Top of Provided data

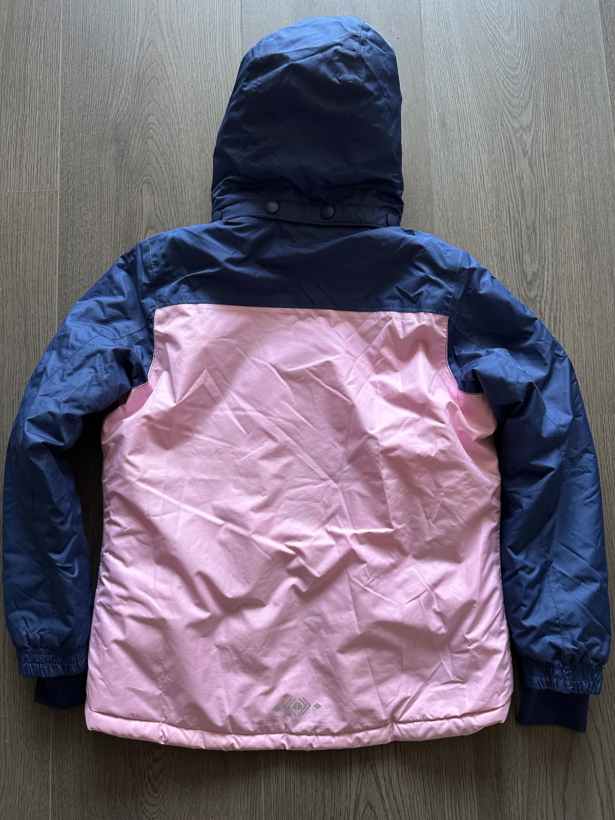 Tepla bundicka, 146. Na rukáve poškodená, vidndeta foto. Inak plne funkčná, zipsy, vrecka v poriadku. Po jednom dievčati.
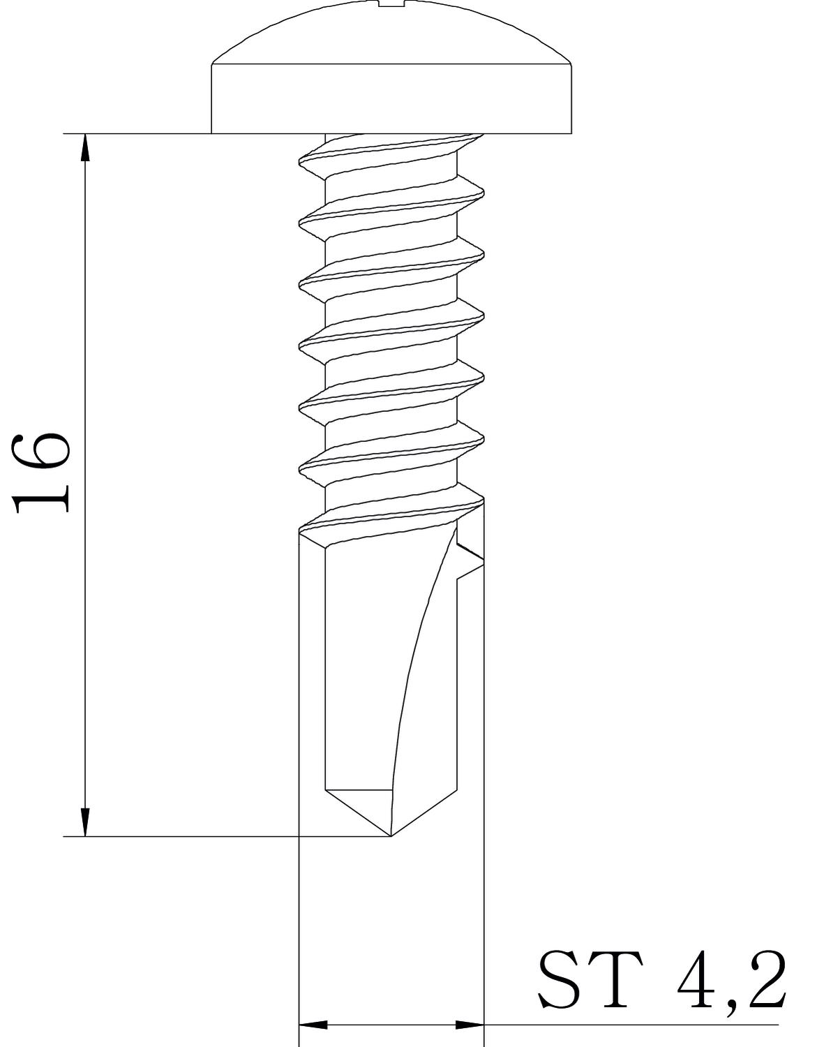 尺寸 M4,2x16 尺寸 4,2x16 尺寸 d 4,2 mm 尺寸 l 16 mm 材料 钢 螺纹直径ST 4,2 螺钉系统 十字头 表面 电镀锌 钉头形状 平面球 长度 16 mm 颜色 锌 - 所有型号
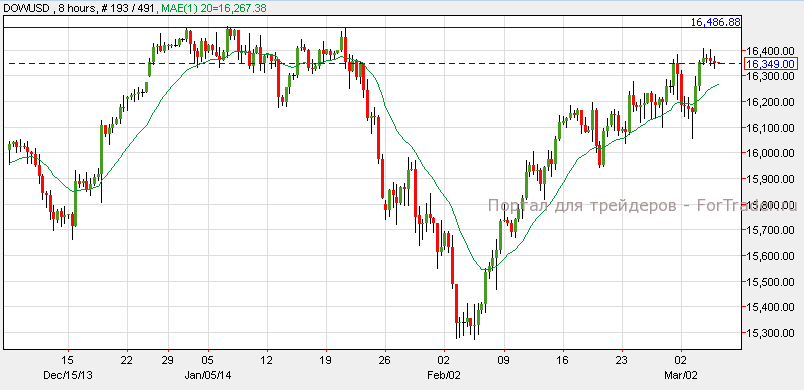 Американские индексы завершили торговую сессию смешано после выхода уровня занятости в несельскохозяйственном секторе (ADP Non-Farm Employment Change) и «Бежевой книги». NASDAQ вырос на 0.20%, а Dow Jones потерял от стоимости 0.22%. Федеральный резерв заявил, что на данный момент признаков инфляции нет, а на экономику некоторых штатов влияют неблагоприятные погодные условия. Согласно техническому анализу 8-часового графика, Dow Jones торгуется на сильном уровне сопротивления 16,490 и индекс может вновь пробить этот уровень. Dow может продолжить рост к отметке 16,700. Сегодня ожидается выход количества заявок на пособия по безработице с показателями 336 тыс. против 348 тыс. ранее.
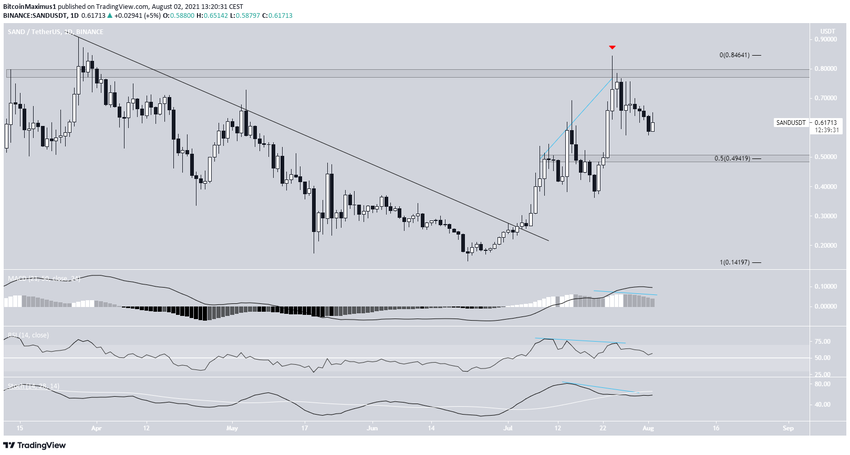 SAND ha estado aumentando desde el 22 de junio, cuando cotizaba a un mínimo de 0,146 dólares. Poco después, logró salir de una línea de resistencia descendente y aumentó a un ritmo acelerado.
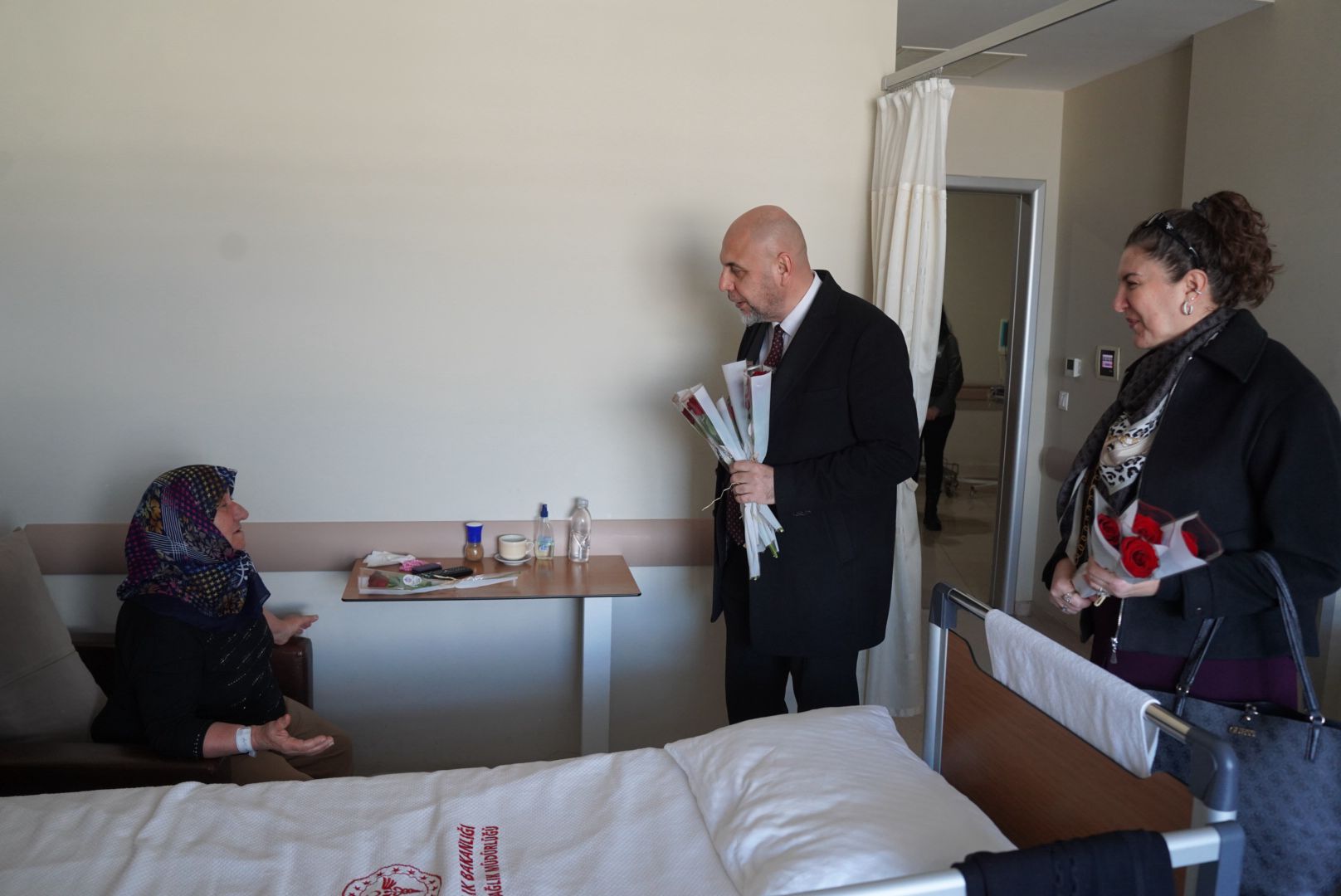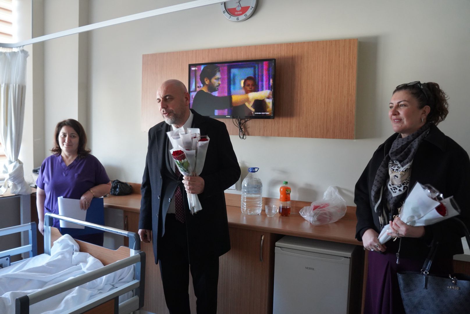 Ziyaretin en anlamlı anları ise çocuk servislerinde yaşandı. Başkan Bekir Aydın ve eşi Kıymet Aydın, minik hastalara hediye ve çiçek takdim ederek onların yüzlerinde tebessüm oluşturdu. Bu samimi anlar, hasta yakınları tarafından da memnuniyetle karşılandı.

Bottom of Provided data

Prompt: The data above should be returned in full, exactly as written, apart from its images.

Exercise result:
 Tepla bundicka, 146. Na rukáve poškodená, vidndeta foto. Inak plne funkčná, zipsy, vrecka v poriadku. Po jednom dievčati.
 尺寸 M4,2x16 尺寸 4,2x16 尺寸 d 4,2 mm 尺寸 l 16 mm 材料 钢 螺纹直径ST 4,2 螺钉系统 十字头 表面 电镀锌 钉头形状 平面球 长度 16 mm 颜色 锌 - 所有型号
 Американские индексы завершили торговую сессию смешано после выхода уровня занятости в несельскохозяйственном секторе (ADP Non-Farm Employment Change) и «Бежевой книги». NASDAQ вырос на 0.20%, а Dow Jones потерял от стоимости 0.22%. Федеральный резерв заявил, что на данный момент признаков инфляции нет, а на экономику некоторых штатов влияют неблагоприятные погодные условия. Согласно техническому анализу 8-часового графика, Dow Jones торгуется на сильном уровне сопротивления 16,490 и индекс может вновь пробить этот уровень. Dow может продолжить рост к отметке 16,700. Сегодня ожидается выход количества заявок на пособия по безработице с показателями 336 тыс. против 348 тыс. ранее.
 SAND ha estado aumentando desde el 22 de junio, cuando cotizaba a un mínimo de 0,146 dólares. Poco después, logró salir de una línea de resistencia descendente y aumentó a un ritmo acelerado.
 Ziyaretin en anlamlı anları ise çocuk servislerinde yaşandı. Başkan Bekir Aydın ve eşi Kıymet Aydın, minik hastalara hediye ve çiçek takdim ederek onların yüzlerinde tebessüm oluşturdu. Bu samimi anlar, hasta yakınları tarafından da memnuniyetle karşılandı.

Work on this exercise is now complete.